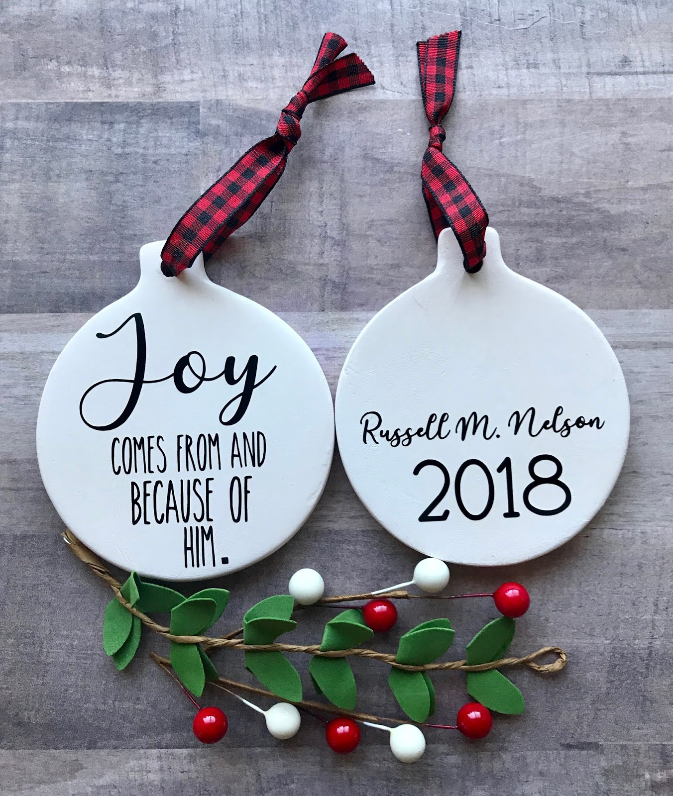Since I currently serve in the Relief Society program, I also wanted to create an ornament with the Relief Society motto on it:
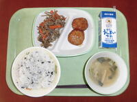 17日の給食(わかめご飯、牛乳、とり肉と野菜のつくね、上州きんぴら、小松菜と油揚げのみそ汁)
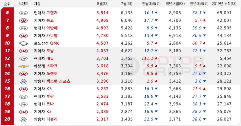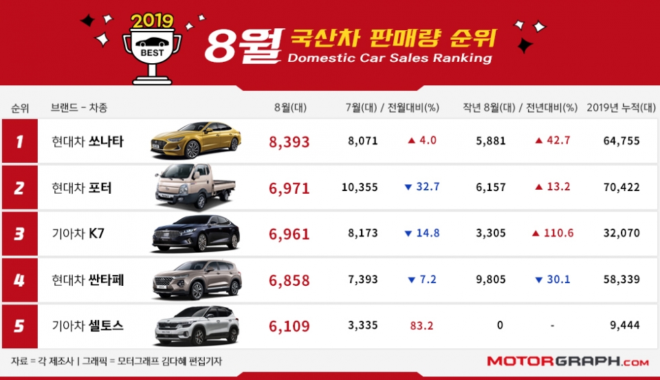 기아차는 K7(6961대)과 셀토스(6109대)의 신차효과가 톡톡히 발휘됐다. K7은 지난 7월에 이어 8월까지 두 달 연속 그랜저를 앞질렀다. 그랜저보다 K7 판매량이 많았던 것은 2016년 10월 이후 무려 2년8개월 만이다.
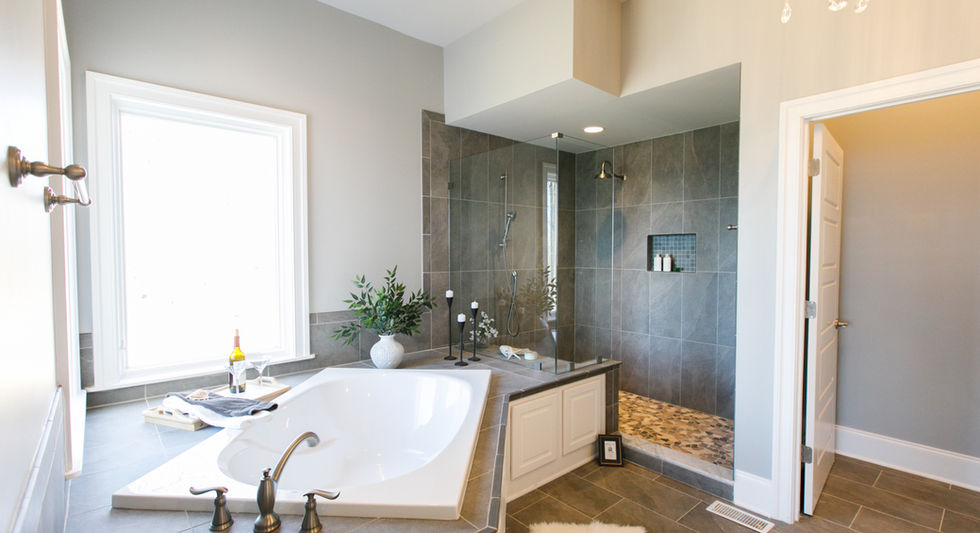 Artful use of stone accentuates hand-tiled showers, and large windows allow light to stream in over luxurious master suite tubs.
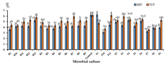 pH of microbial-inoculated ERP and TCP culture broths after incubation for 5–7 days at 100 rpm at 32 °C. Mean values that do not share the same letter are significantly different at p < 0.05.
--
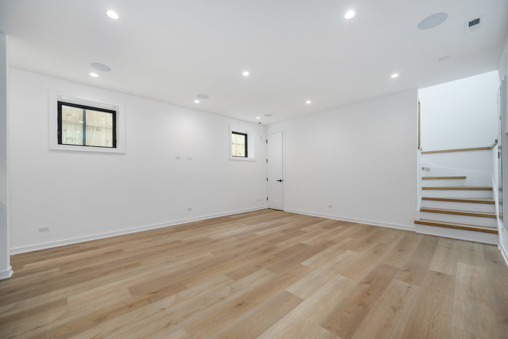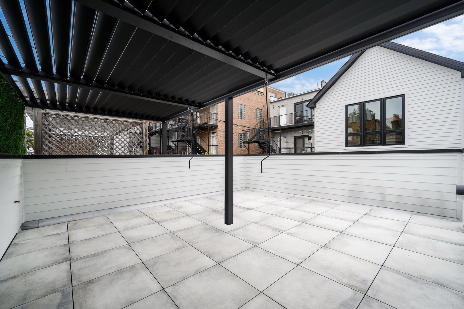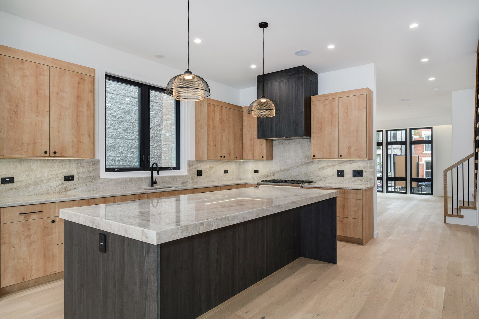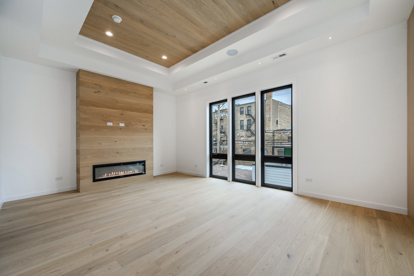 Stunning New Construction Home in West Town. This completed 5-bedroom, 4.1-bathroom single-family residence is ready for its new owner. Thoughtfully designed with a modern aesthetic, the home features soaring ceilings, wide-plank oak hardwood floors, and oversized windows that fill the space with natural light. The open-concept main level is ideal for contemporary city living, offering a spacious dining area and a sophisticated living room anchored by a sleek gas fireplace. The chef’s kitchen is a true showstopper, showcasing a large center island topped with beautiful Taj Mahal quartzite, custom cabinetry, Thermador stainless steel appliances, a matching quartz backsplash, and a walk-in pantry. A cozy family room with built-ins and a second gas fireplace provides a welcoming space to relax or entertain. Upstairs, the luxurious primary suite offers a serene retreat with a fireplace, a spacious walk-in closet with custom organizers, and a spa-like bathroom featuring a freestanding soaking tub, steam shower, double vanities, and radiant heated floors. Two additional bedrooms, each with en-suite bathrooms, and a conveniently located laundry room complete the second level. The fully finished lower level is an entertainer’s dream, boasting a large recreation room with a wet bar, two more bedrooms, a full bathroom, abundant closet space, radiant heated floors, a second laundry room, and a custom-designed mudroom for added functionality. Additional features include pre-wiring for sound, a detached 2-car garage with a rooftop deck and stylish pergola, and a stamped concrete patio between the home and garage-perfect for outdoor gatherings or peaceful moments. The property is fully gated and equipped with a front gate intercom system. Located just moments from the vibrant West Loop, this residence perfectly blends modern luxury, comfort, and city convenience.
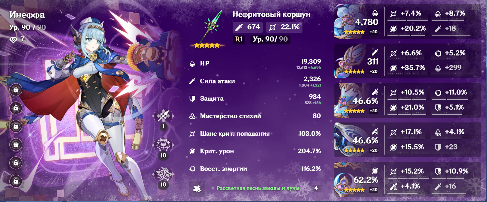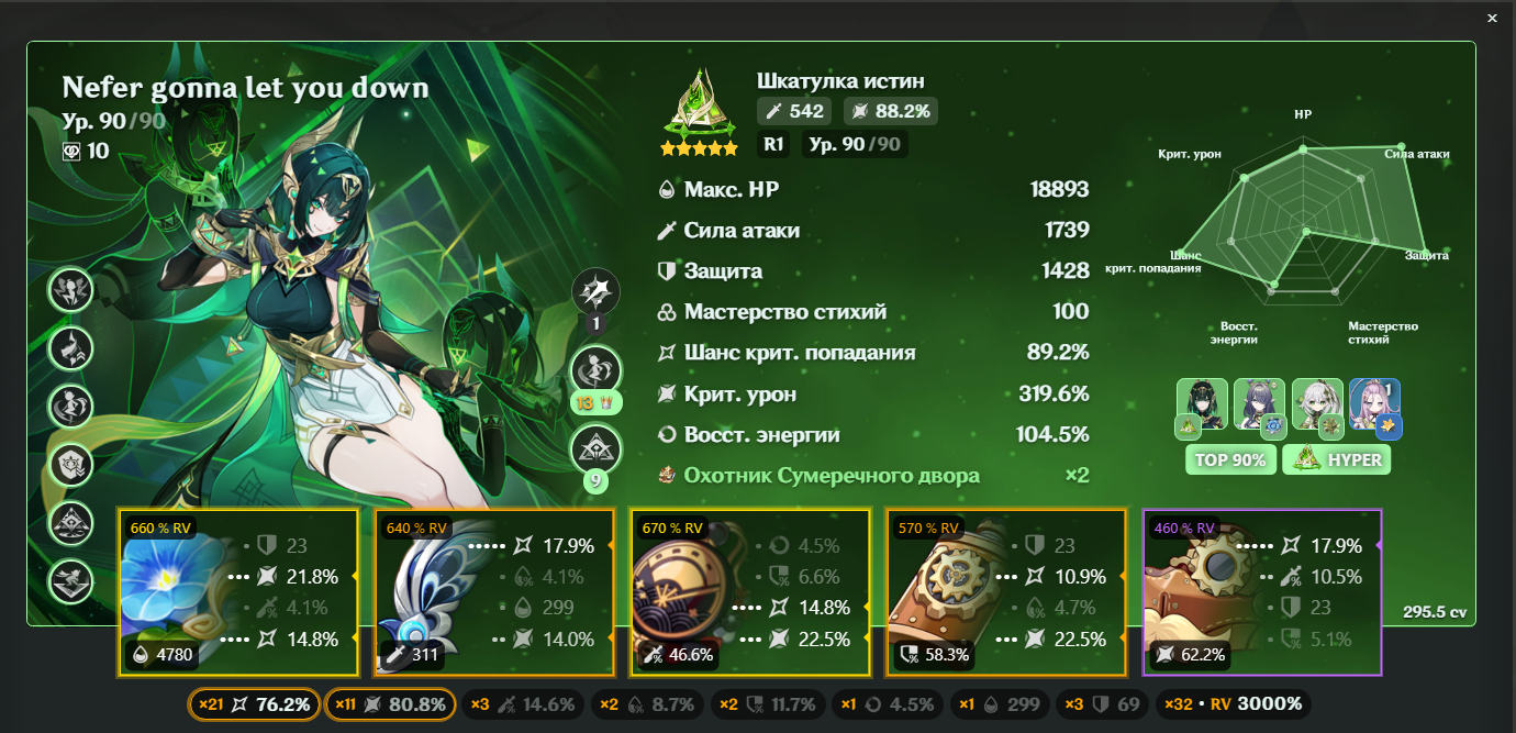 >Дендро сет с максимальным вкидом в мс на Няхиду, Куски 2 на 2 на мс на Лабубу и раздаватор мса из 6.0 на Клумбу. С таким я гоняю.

= Exercise brief =
In the entries above, find the line with "Artful use of" and the line with "pH of microbial-inoculated". Return exactly those lines and all the ones between them, pictures excluded.

= Completed task =
 Artful use of stone accentuates hand-tiled showers, and large windows allow light to stream in over luxurious master suite tubs.
 pH of microbial-inoculated ERP and TCP culture broths after incubation for 5–7 days at 100 rpm at 32 °C. Mean values that do not share the same letter are significantly different at p < 0.05.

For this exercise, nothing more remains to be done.